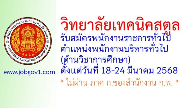 วิทยาลัยเทคนิคสตูล รับสมัครพนักงานราชการทั่วไป ตำแหน่งพนักงานบริหารทั่วไป (ด้านวิชาการศึกษา) ตั้งแต่วันที่ 18-24 มีนาคม 2568
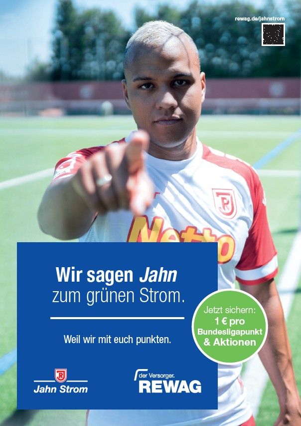 Wir sagen Jahn zum grünen Strom. Weil wir mit euch punkten. rewag.de/jahnstrom Jetzt sichern: 1 € pro Bundesligapunkt & Aktionen
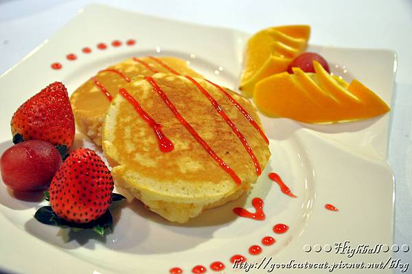 R&R的擺盤真的不錯,光是看就食指大動。兩塊鬆餅,果醬用得不多,周圍有水果可以搭配。
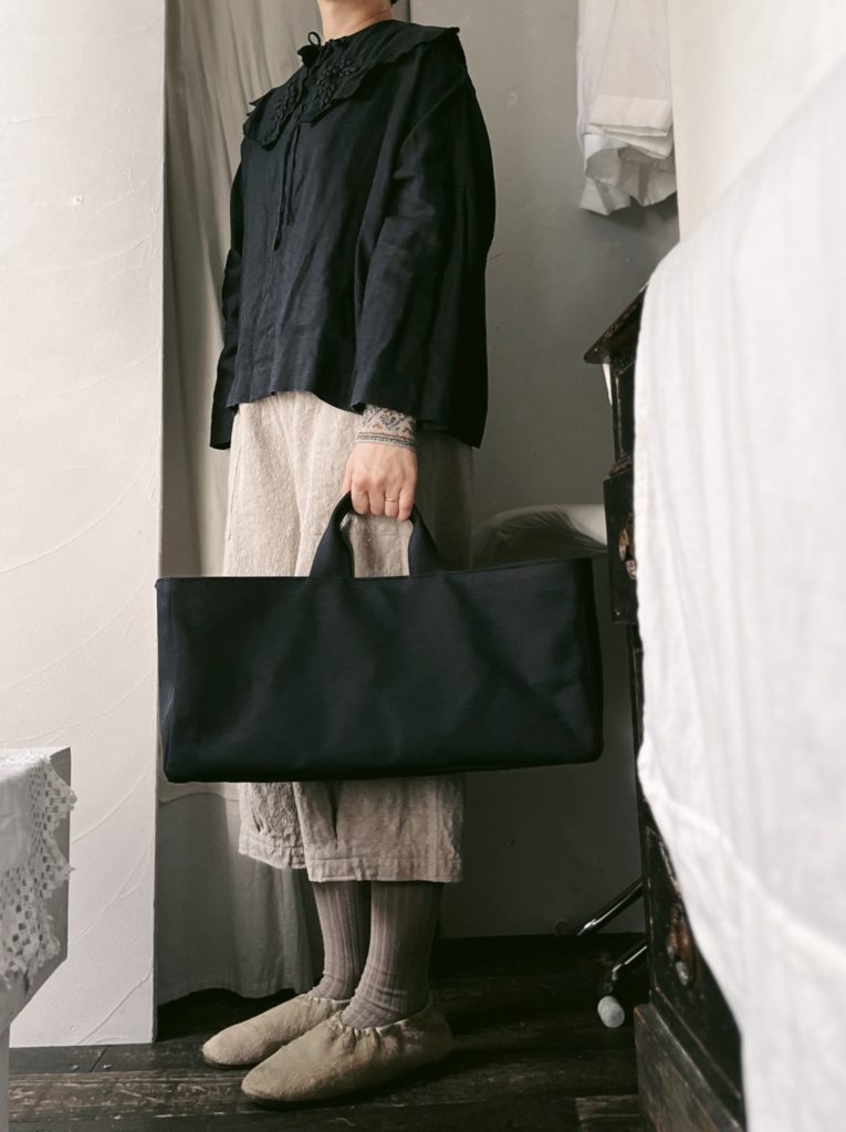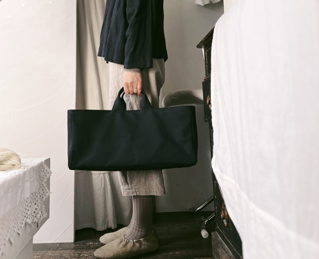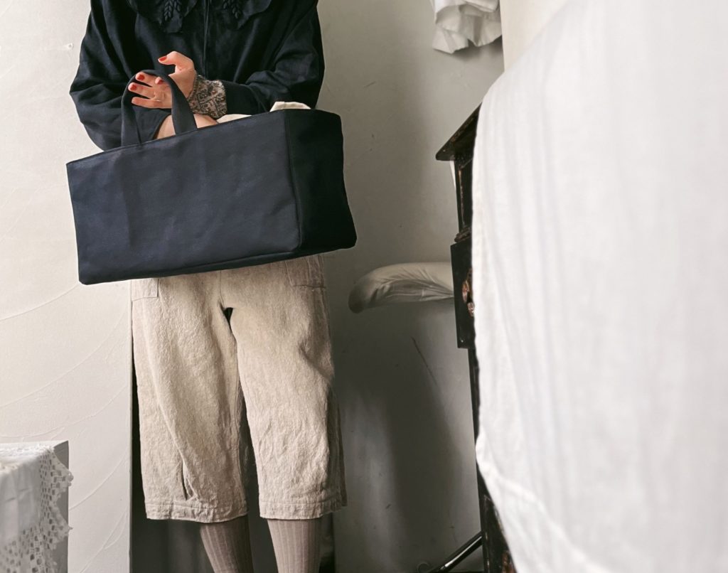 カゴバッグの形を帆布に落とし込んだ面長フォルムの
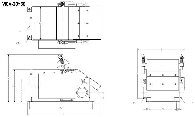 | MCA-1000 | 1000 | 580 | PT6" | PT6" | 380/220V 3φ200W /0,79A |
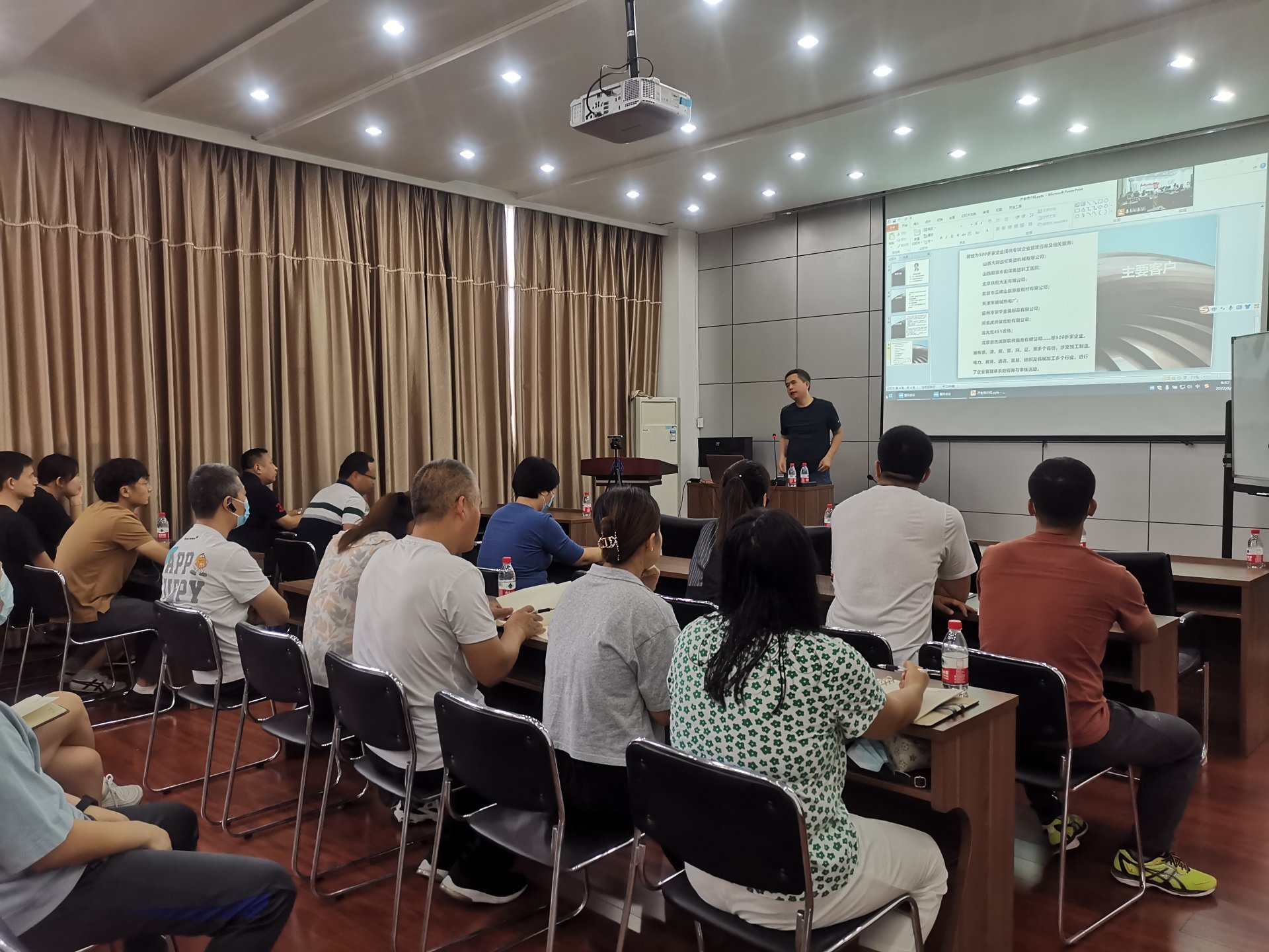 培訓前物資質量部部長曹國巍介紹了齊永合老師的工作履歷,以及大陸航星在企業管理模式設計、人力資源體系中薪酬和績效、營銷、生產管理、資本經營等領域的成功培訓經驗。
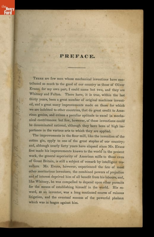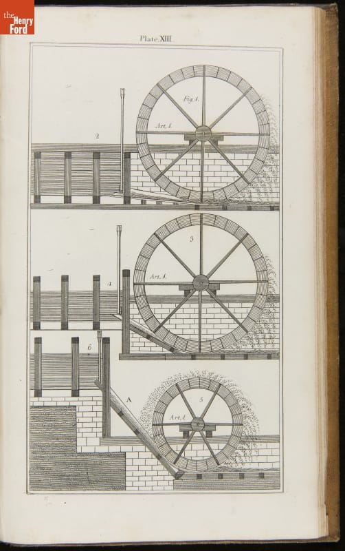 This instructional handbook was originally written and published by Oliver Evans (1755-1819). In the late 1700s, Evans developed a continuous conveyor system for milling flour. The Young Mill-Wright and Miller's Guide explained his labor-saving innovations through text and technical illustrations. Published in fifteen editions between 1795 and 1860, the influential book helped revolutionize the flour-milling industry.
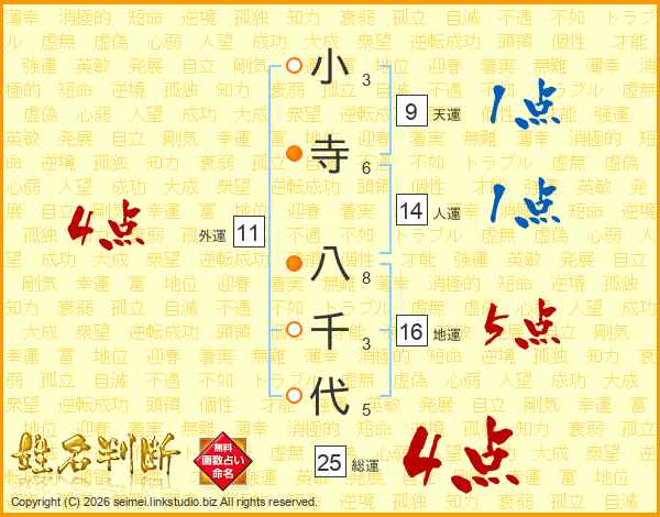 小(3画)寺(6画) 八(8画)千(3画)代(5画)
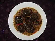Baghāre baingan (Urdu: بگھارے بیگن ) is a curry from the Hyderabadi cuisine made with eggplant (brinjal) Hyderabad. It is also used as a side dish with the Hyderabadi biryani.
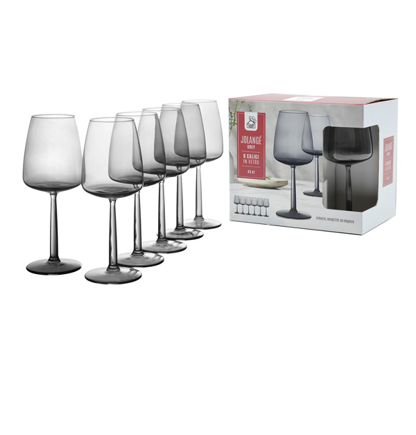 Σετ 6 ποτήρια κρασιού 430cc γυάλινα, γκρι
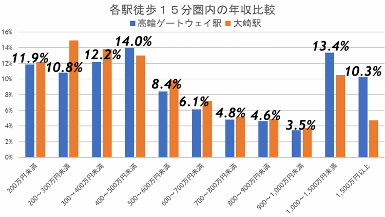 次に、高輪ゲートウェイ駅と大崎駅の年収別世帯数の割合を比較していきます。
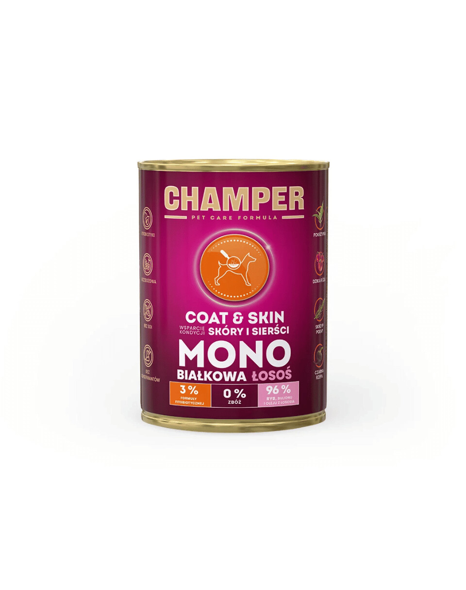 Vysokopodielové zloženie na báze lososa obsahuje až 96 % rýb, vývaru a lososového oleja – bohatého zdroja cenných omega-3 a omega-6 mastných kyselín, ktoré podporujú zdravé srdce, pokožku a lesklú srsť psa. Bez zbytočných plnidiel a umelých látok ,len čisté, výživné suroviny.
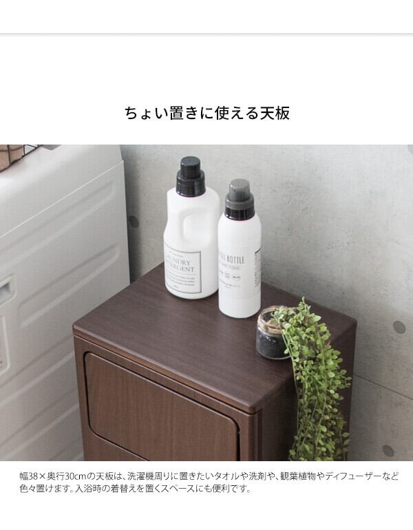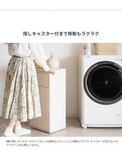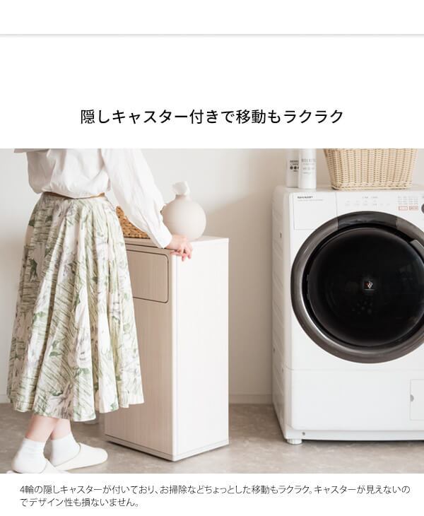 天板にはランドリー周りに置きたい洗剤やタオルも置くことができ、隠しキャスターが付いているのでお掃除や移動もスムーズです。
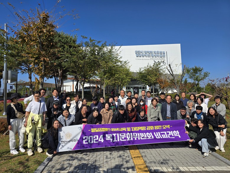 [천안시 세계타임즈=백택기 기자] 천안시의회(의장 김행금) 복지문화위원회(위원장 이종만)는 10월 31일부터 11월 1일까지 군산시 일원에서 ‘발달장애인 평생교육 및 자립역량강화 방안 모색’을 주제로 비교견학을 실시했다.
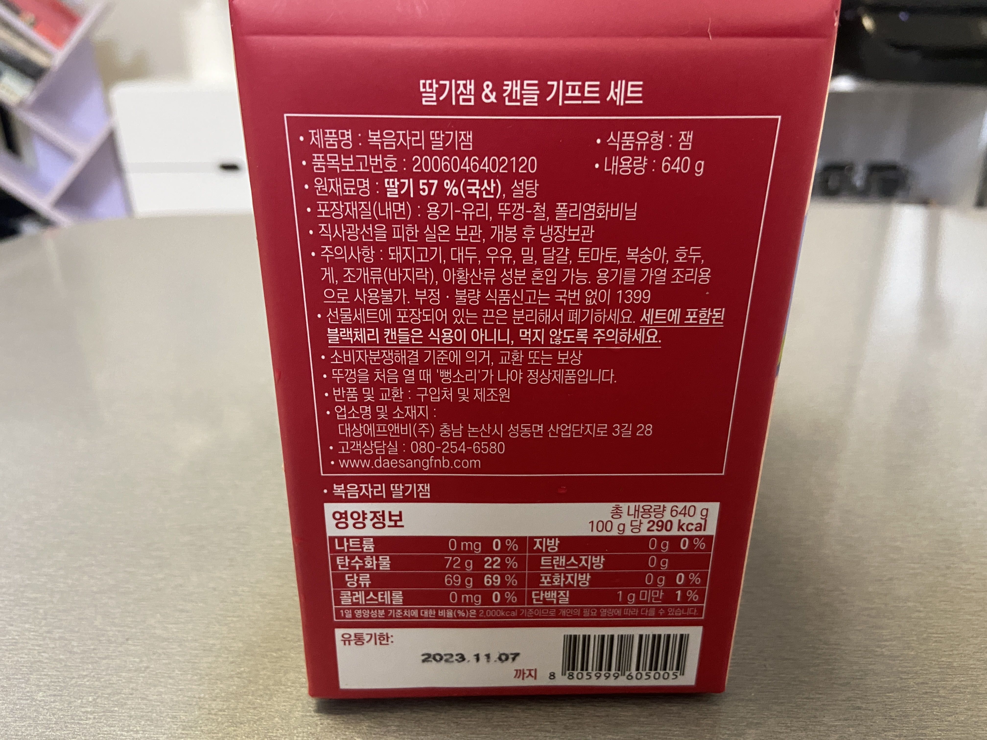 딸기잼 640g 에 양초, 추가로 메세지 카드도 들어있어요!
···
# [PROBLEM TO WORK ON]
All of the material above should be written out exactly as given, minus any images.

# [RESPONSE FOR THIS EXERCISE]
 วิทยาลัยเทคนิคสตูล รับสมัครพนักงานราชการทั่วไป ตำแหน่งพนักงานบริหารทั่วไป (ด้านวิชาการศึกษา) ตั้งแต่วันที่ 18-24 มีนาคม 2568
 Wir sagen Jahn zum grünen Strom. Weil wir mit euch punkten. rewag.de/jahnstrom Jetzt sichern: 1 € pro Bundesligapunkt & Aktionen
 R&R的擺盤真的不錯,光是看就食指大動。兩塊鬆餅,果醬用得不多,周圍有水果可以搭配。
 カゴバッグの形を帆布に落とし込んだ面長フォルムの
 | MCA-1000 | 1000 | 580 | PT6" | PT6" | 380/220V 3φ200W /0,79A |
 培訓前物資質量部部長曹國巍介紹了齊永合老師的工作履歷,以及大陸航星在企業管理模式設計、人力資源體系中薪酬和績效、營銷、生產管理、資本經營等領域的成功培訓經驗。
 This instructional handbook was originally written and published by Oliver Evans (1755-1819). In the late 1700s, Evans developed a continuous conveyor system for milling flour. The Young Mill-Wright and Miller's Guide explained his labor-saving innovations through text and technical illustrations. Published in fifteen editions between 1795 and 1860, the influential book helped revolutionize the flour-milling industry.
 小(3画)寺(6画) 八(8画)千(3画)代(5画)
Baghāre baingan (Urdu: بگھارے بیگن ) is a curry from the Hyderabadi cuisine made with eggplant (brinjal) Hyderabad. It is also used as a side dish with the Hyderabadi biryani.
 Σετ 6 ποτήρια κρασιού 430cc γυάλινα, γκρι
 次に、高輪ゲートウェイ駅と大崎駅の年収別世帯数の割合を比較していきます。
 Vysokopodielové zloženie na báze lososa obsahuje až 96 % rýb, vývaru a lososového oleja – bohatého zdroja cenných omega-3 a omega-6 mastných kyselín, ktoré podporujú zdravé srdce, pokožku a lesklú srsť psa. Bez zbytočných plnidiel a umelých látok ,len čisté, výživné suroviny.
 天板にはランドリー周りに置きたい洗剤やタオルも置くことができ、隠しキャスターが付いているのでお掃除や移動もスムーズです。
 [천안시 세계타임즈=백택기 기자] 천안시의회(의장 김행금) 복지문화위원회(위원장 이종만)는 10월 31일부터 11월 1일까지 군산시 일원에서 ‘발달장애인 평생교육 및 자립역량강화 방안 모색’을 주제로 비교견학을 실시했다.
 딸기잼 640g 에 양초, 추가로 메세지 카드도 들어있어요!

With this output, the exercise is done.